In cases of bargaining deadlocks, the notice shall, as far as practicable, further state the unresolved issues in the bargaining negotiations and be accompanied by the written proposals of the union, the counter-proposals of the employer and the proof of a request for conference to settle differences. In cases of unfair labor practices, the notice shall, as far as practicable, state the acts complained of, and efforts taken to resolve the dispute amicably.

Any notice which does not conform with the requirements of this and the foregoing section shall be deemed as not having been filed and the party concerned shall be so informed by the regional branch of the Board.

 

In the instant case, the union cannot be faulted for its omission. The union could not have attached the counter-proposal of the company in the notice of strike it submitted to the NCMB as there was no such counter-proposal. To recall, the union filed a notice of strike after several requests to start negotiations proved futile. It was only after two weeks when the company formally responded to the union by submitting the first part of its counter-proposal. Worse, it took the company another three weeks to complete it by submitting the second part of its counter-proposal. This was almost a year after the expiration of the CBA sought to be renewed.

 

The Implementing Rules use the words as far as practicable. In this case, attaching the counter-proposal of the company to the notice of strike of the union was not practicable. It was absurd to expect the union to produce the companys counter-proposal which it did not have. One cannot give what one does not have. Indeed, compliance with the requirement was impossible because no counter-proposal existed at the time the union filed a notice of strike. The law does not exact compliance with the impossible. Nemo tenetur ad impossibile.

 

Another error committed by the labor arbiter was his declaration that respondents, as union officers, automatically severed their employment with the company due to the alleged illegal strike. In the first place, there was no illegal strike. Moreover, it is hornbook doctrine that a mere finding of the illegality of the strike should not be automatically followed by the wholesale dismissal of the strikers from employment.

 

The law is clear:

Any union officer who knowingly participates in an illegal strike and any worker or union officer who knowingly participates in the commission of illegal acts during a strike may be declared to have lost his employment status.

 

Note that the verb participates is preceded by the adverb knowingly.
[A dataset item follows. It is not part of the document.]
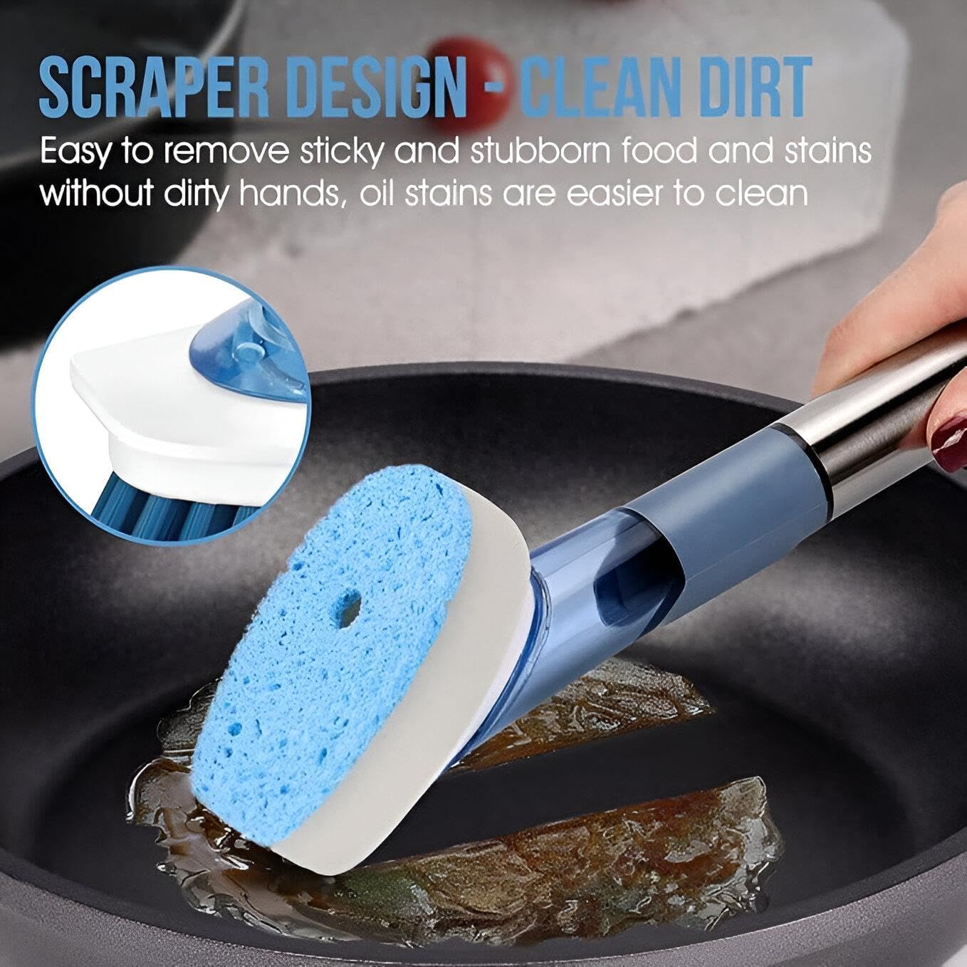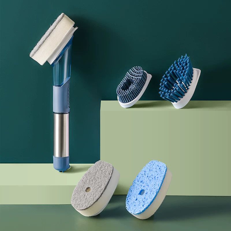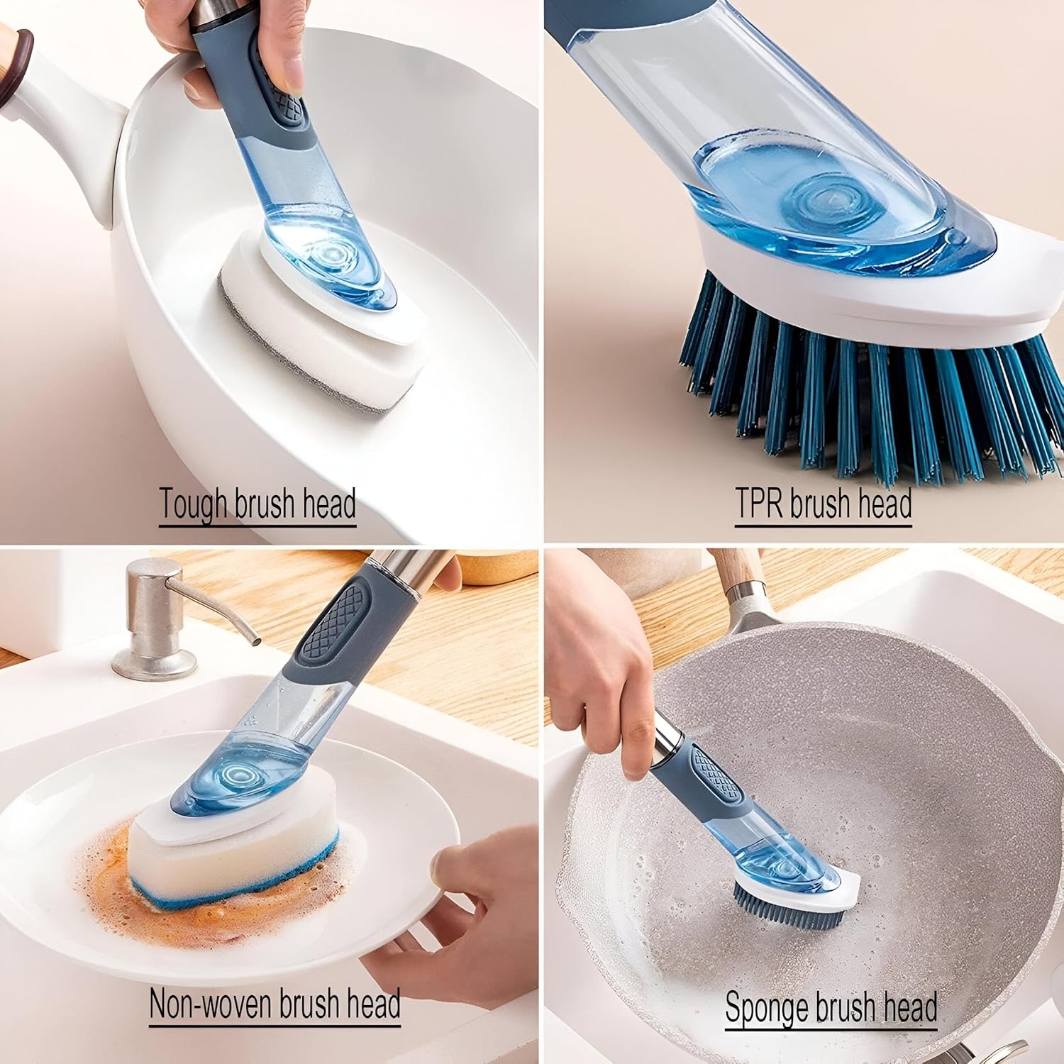 فرشاة أطباق 3 * 1 مع خزان صابون و3 فرش قابلة للتبديل

This reflects the intent of the legislature to require knowledge as a condition sine qua non before a union officer can be dismissed from employment for participating in an illegal strike.

 

The provision is worded in such a way as to make it very difficult for employers to circumvent the law by arbitrarily dismissing employees in the guise of exercising management prerogative. This is but one aspect of the States constitutional and statutory mandate to protect the rights of employees to self-organization.

Nowhere in the ruling of the labor arbiter can we find any discussion of how respondents, as union officers, knowingly participated in the alleged illegal strike. Thus, even assuming arguendo that the strike was illegal, their automatic dismissal had no basis.